Consequentemente, a mobilidade do pensamento é indispensável. Por mais que se tente resgatar teses fundadas racionalmente para fixar um quadro de ideias, se elas não forem situadas no tempo, e dessa maneira, no incessante fluxo de eventos mundanos que as englobam, serão apenas carcaças natimortas esperando para serem devoradas por alguém que as prove erradas. O próprio exemplo do pêndulo fornecido acima é inadequado, pois não devemos pensar o conhecimento como um vetor de espectros cromáticos que vão da direita para a esquerda em uma linha contínua. Os matizes[4] são dados em todas as direções e não estão parados, como num caleidoscópio[5].
Notas:
[1] MONTAIGNE, Michel. 2016, p.147
[2] Doutrina criada por Aristóteles onde o posicionamento em extremos opostos deve ser combatido pela tentativa de manter-se dentro de um equilíbrio entre eles.
[3] TARDE, Gabriel. 2005, p.28
[4] Matiz significa graduação de cores, cada tom possível em que elas podem apresentar-se e que são infinitos.
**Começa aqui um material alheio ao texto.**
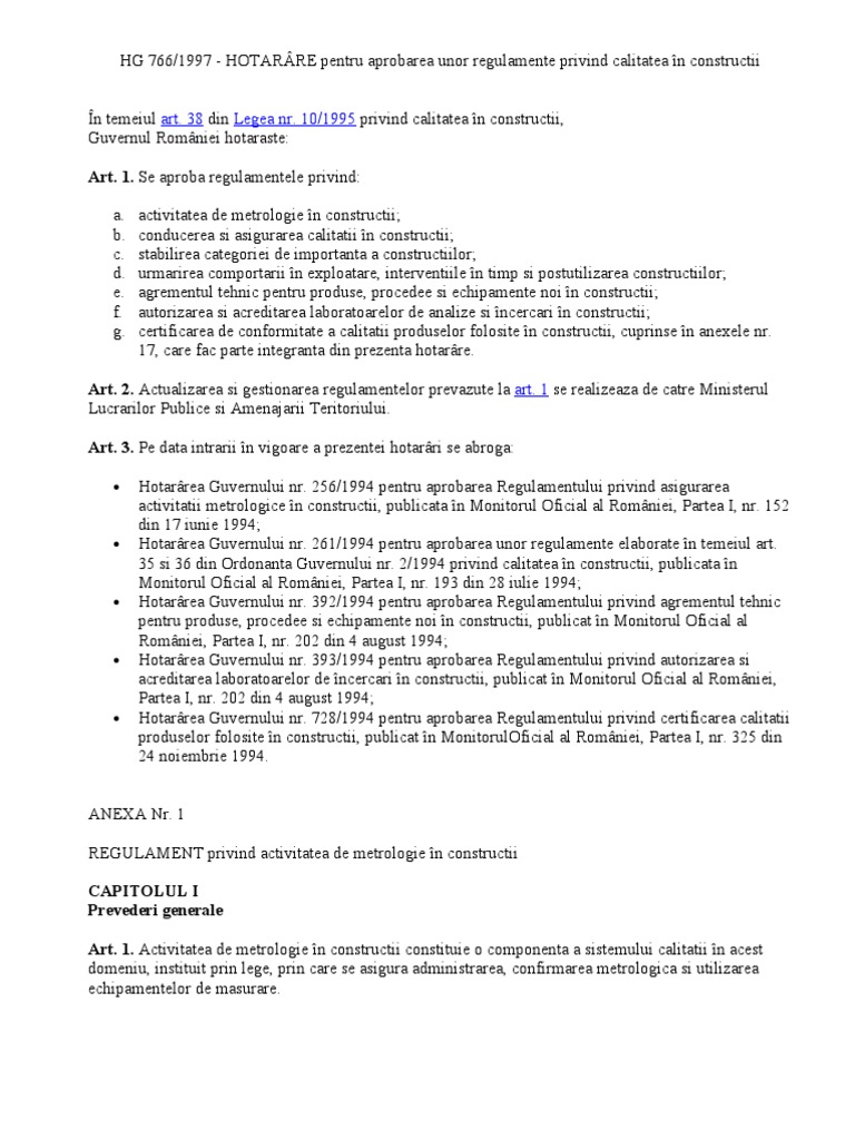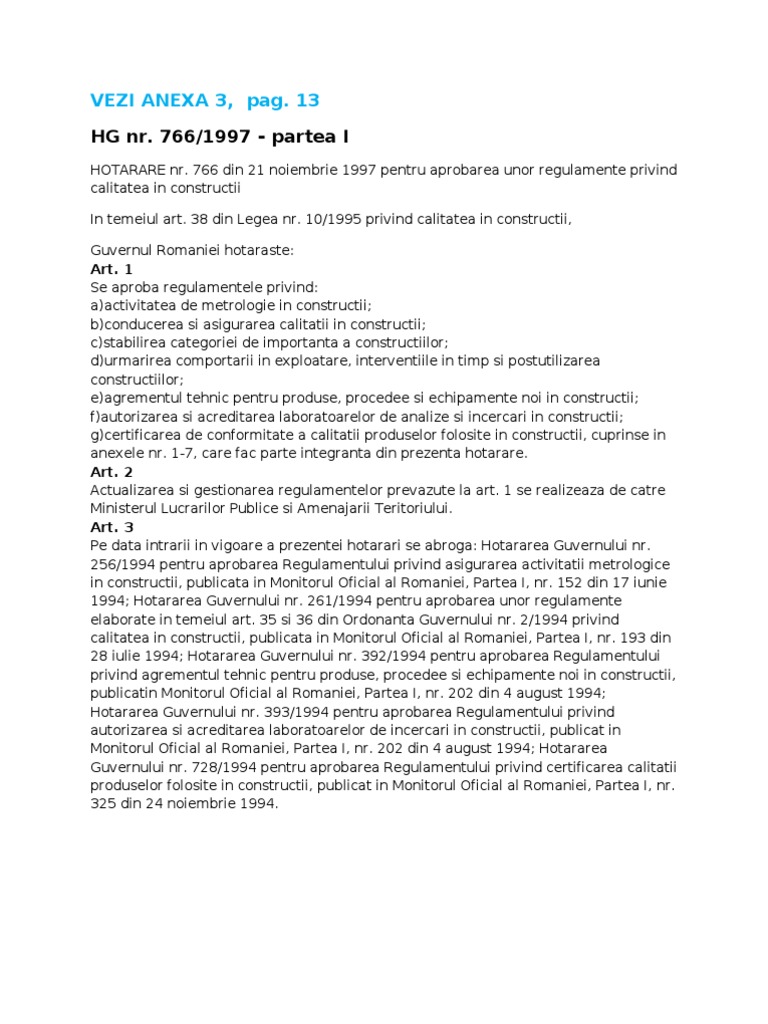 Documentatie Hg 766 1997 Pentru Aprobarea Unor Regulamente Privind Calitatea In Constructii 345301 Graduo
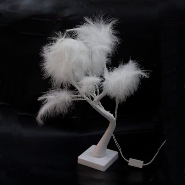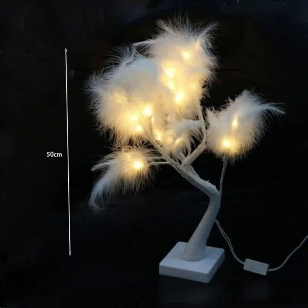 Αυτόφωτο επιτραπέζιο διακοσμητικό δεντράκι με πούπουλα και Led θερμό φωτισμό.
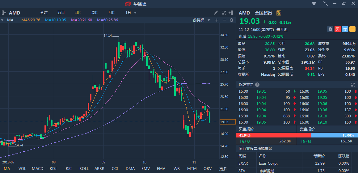 经历Q3财报、关税及中期选举后,公司股价进入平稳演化期,当前的20美元与纳入关税影响后反映远期盈利的水平相近。19年公司CPU市场有望继续夺取市场份额,而显卡可能因市场增幅放缓受到不利影响。若不考虑未来贸易战升级,19年公司股价有望增至25美元左右,如果贸易战解除,那么还将有3美元的对应风险收益。
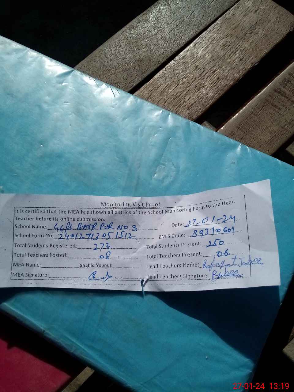| Attendance Register | Head Teacher | MEA with School | Visit Proof |
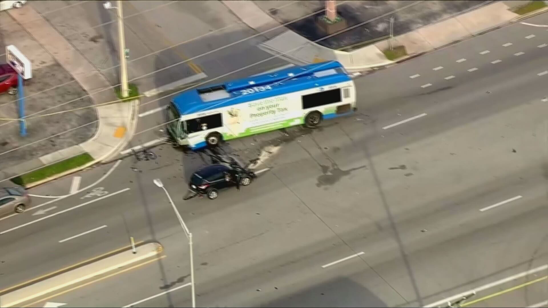 According to Miami-Dade Fire Rescue officials, six people were treated at the scene, including one adult who was transported as a trauma alert to Jackson Memorial Hospital’s Ryder Trauma Center and another who was taken to a local hospital by private ambulance.
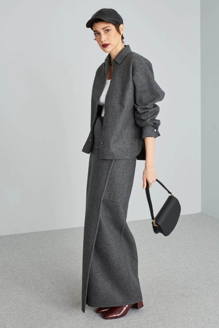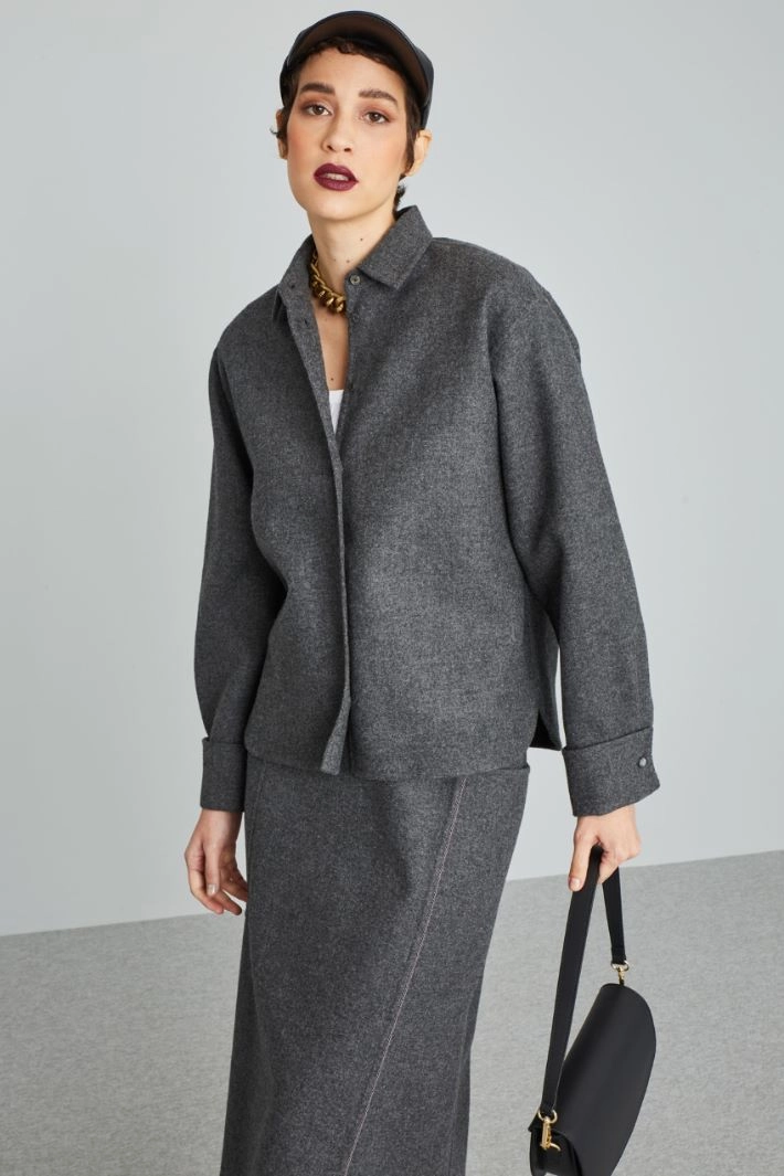 Shirt-style jacket in wool and cashmere double flannel with a classic pointed collar, long sleeves with cufflink cuffs and small rounded slits at the sides, yoke on the back. Visible button fastening.
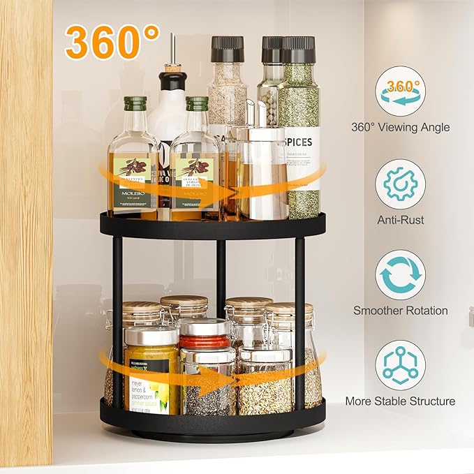 - 【360 Degree Rotating】360° Rotatable Design - This 2-tier lazy Susan makes it easy to access spices, canned goods, coffee, and more in your countertop, cabinet, or pantry. Simply rotate it to find the items you need quickly and effortlessly.
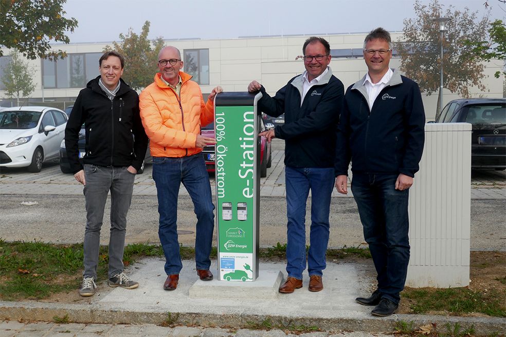Mit dem Bau von drei Ladesäulen möchten auch die ÜZW und der Markt Ergolding die Elektromobilität voranbringen und mehr Lademöglichkeiten schaffen. Der Startschuss der Kommune dafür erfolgte am 04.10.2018 mit der Eröffnung der ersten Ladesäule am Parkplatz des Bürgerhauses. Bei der Ladestation handelt es sich um eine AC Schnellladestation, an der zwei Fahrzeuge parallel mit jeweils bis zu 22kW geladen werden können. Voraussetzung für den Ladevorgang ist lediglich das Vorhandensein eines entsprechenden Ladekabels Typ 2. Derzeit ist das Laden mit Ökostrom ohne Anmeldung und kostenfrei möglich. Für die Errichtung der Ladesäule wurden Fördermittel abgerufen, der Markt und die ÜZW haben die restlichen Kosten (Anschlusskosten) getragen.
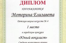 Поздравляем Лауреатов Городского конкурса "Юный вокалист", учащихся класса вокала преподавателя Маликовой А.Я. : Гимадеев Марсель - Лауреат I степени в младшей возрастной группе, Моторина Лиза - Лауреат I степени в средней возрастной группе, Бурнашева Алина - Лауреат I степени в старшей возрастной группе.
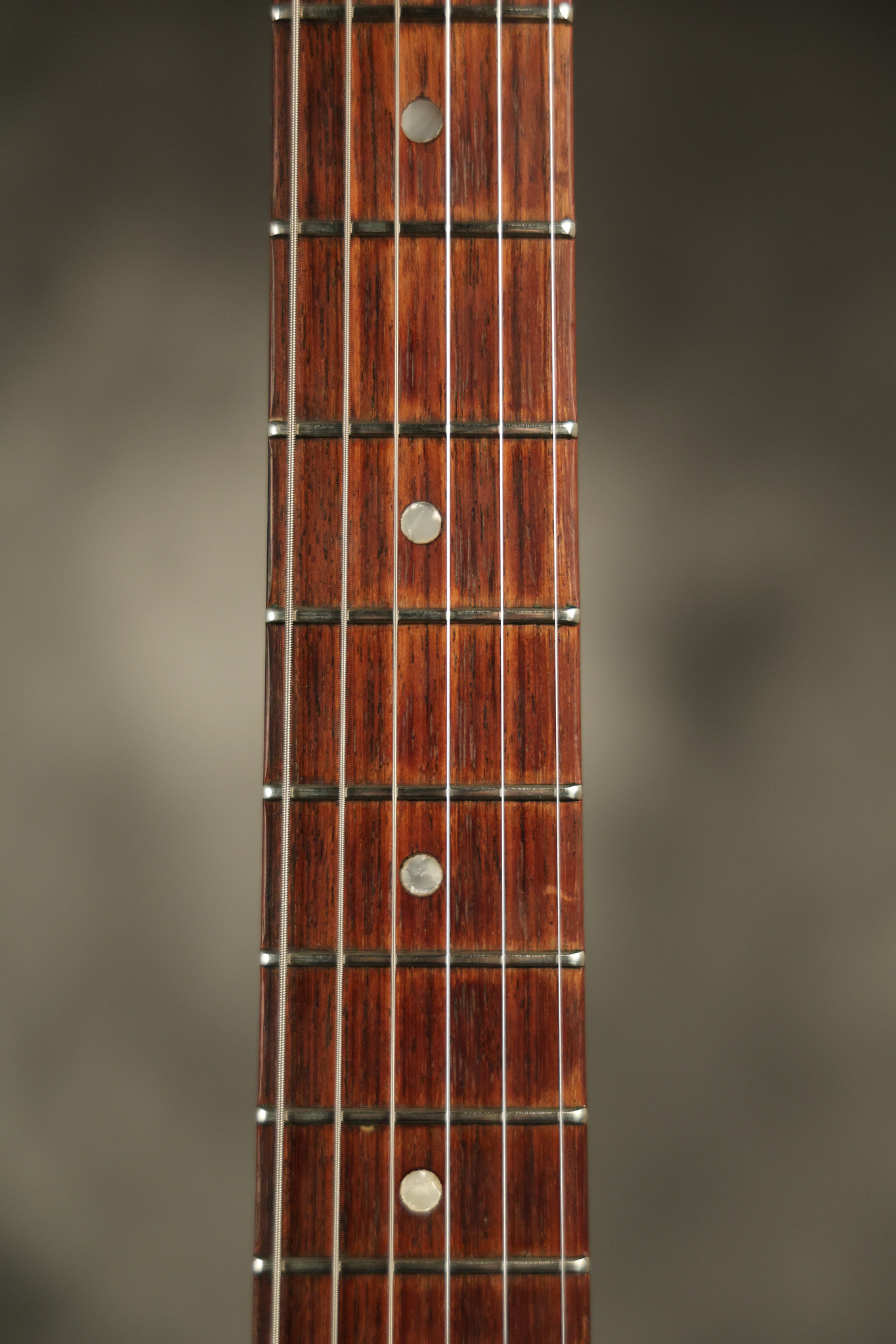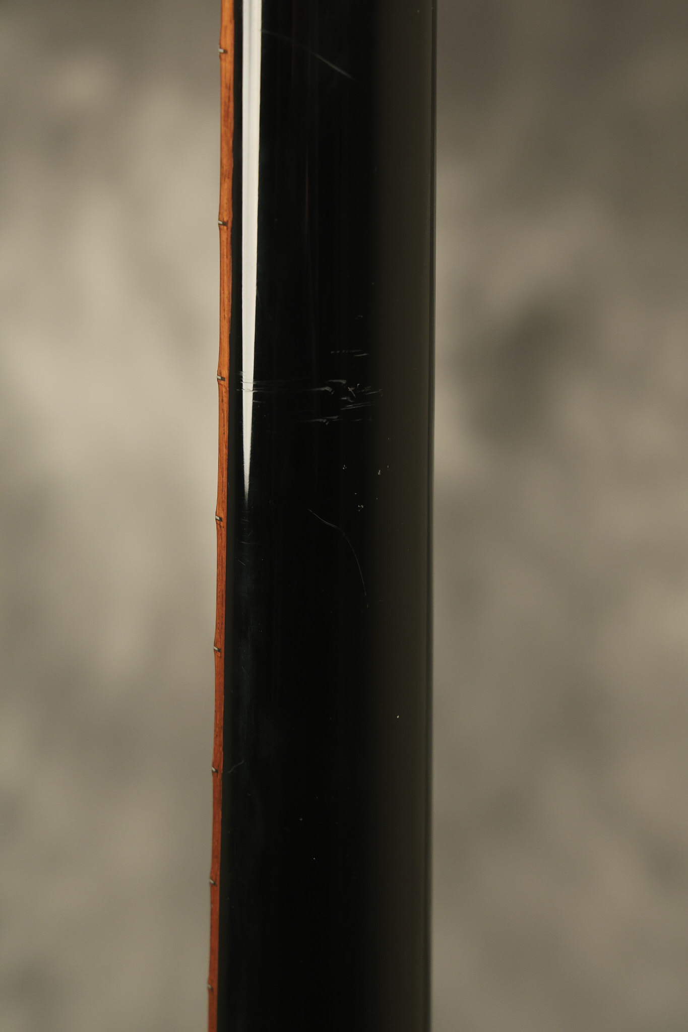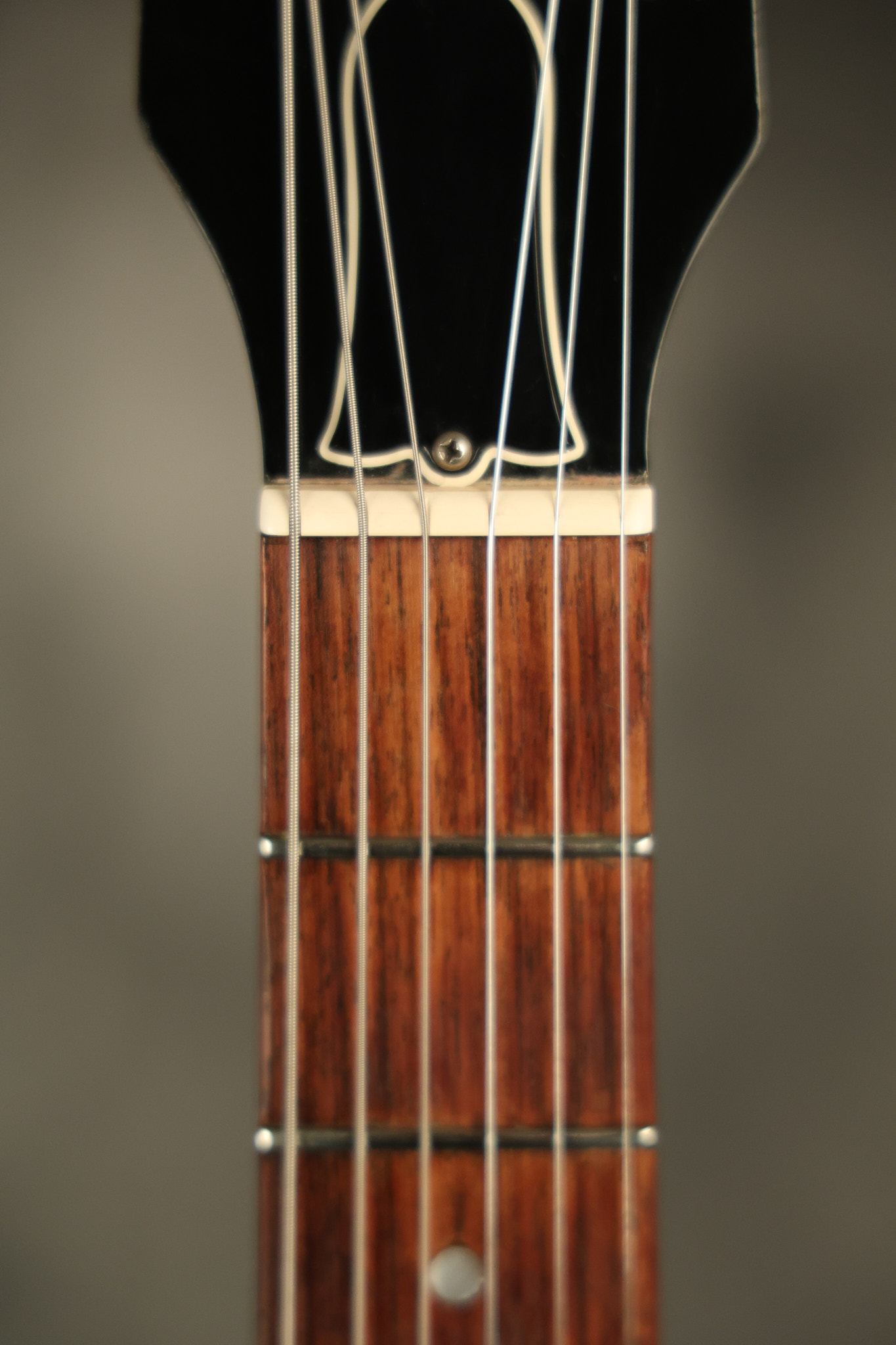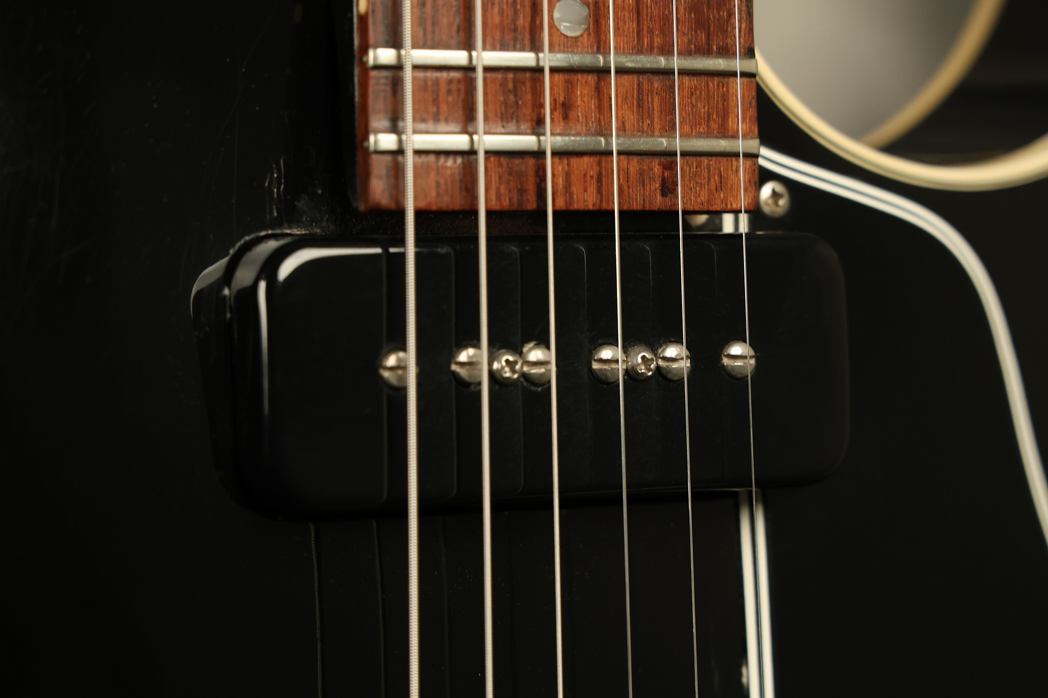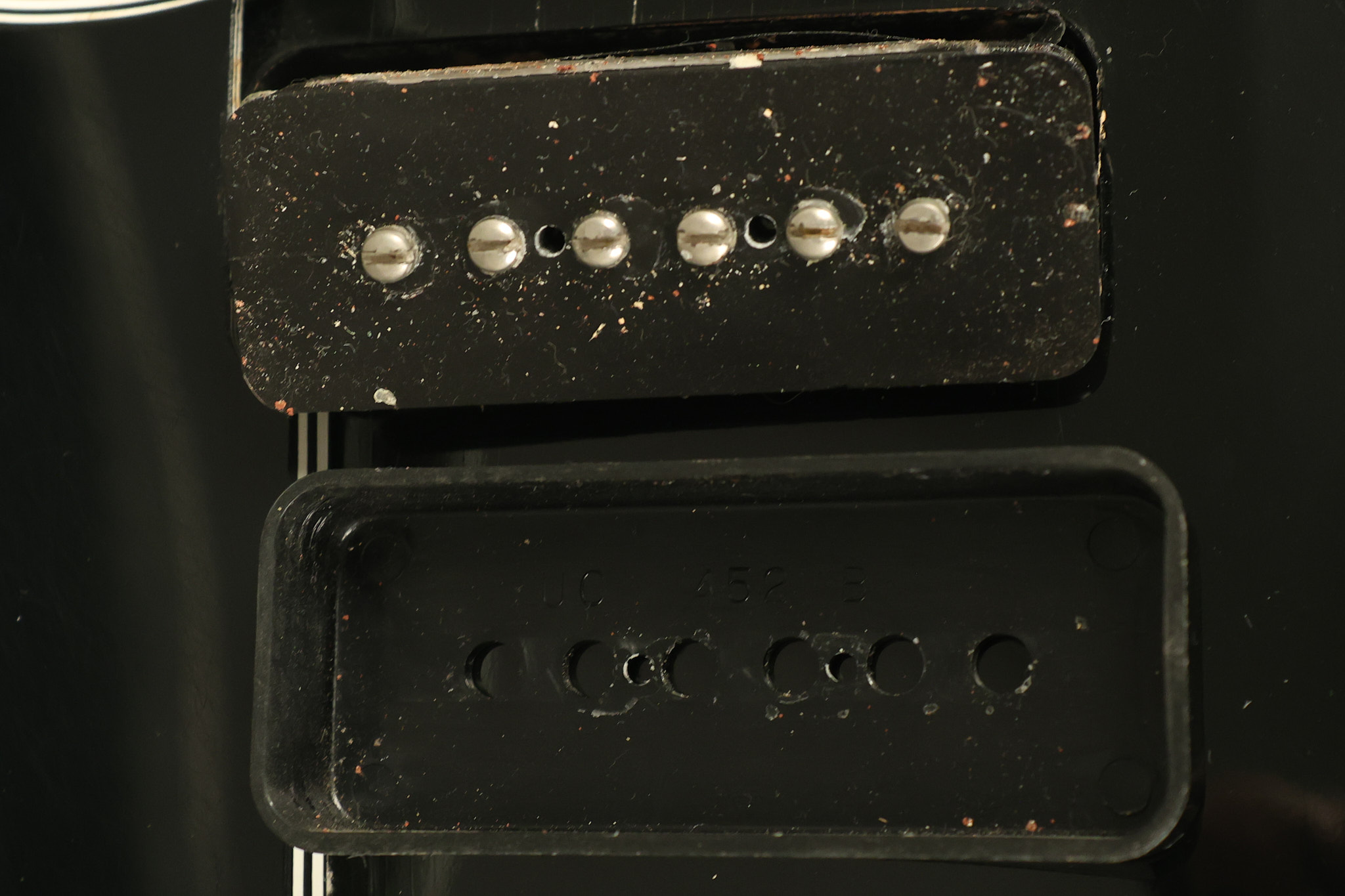 1993 Gibson ES-135 in Black. It has a great playing neck with good frets. It's all original with the exception of the aftermarket "Lyre" style vibrato, a nickel bridge, the knobs, strap buttons and switch tip. A later hardshell case is included. It looks great with some nicks + dings, some small chips in the finish and other minor cosmetic wear. The tip of the vibrato arm had cracked apart and has been glued back together. The guitar itself remains structurally sound with no cracks, breaks or repairs. All electronics work and sound great with its original pair of P-100 pickups.
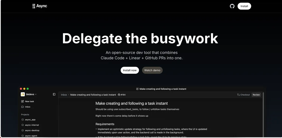 Async - 像 Claude Code + Linear + GitHub PR 的开源开发工具。 - 初创.work

[5] É um instrumento óptico que cria efeitos visuais simétricos.
Referências:
MONTAIGNE, Michel. “Dos costumes e da inconveniência de mudar sem maiores cuidados com as leis em vigor”. In: MILLIET, Sérgio (trad.). Ensaios. São Paulo: Editora 34, 2016.
TARDE, Gabriel. “A opinião e as massas”. São Paulo: Martins Fontes, 2005.
WOLF, Mary. “O cérebro no mundo digital”. São Paulo: Contexto, 2019.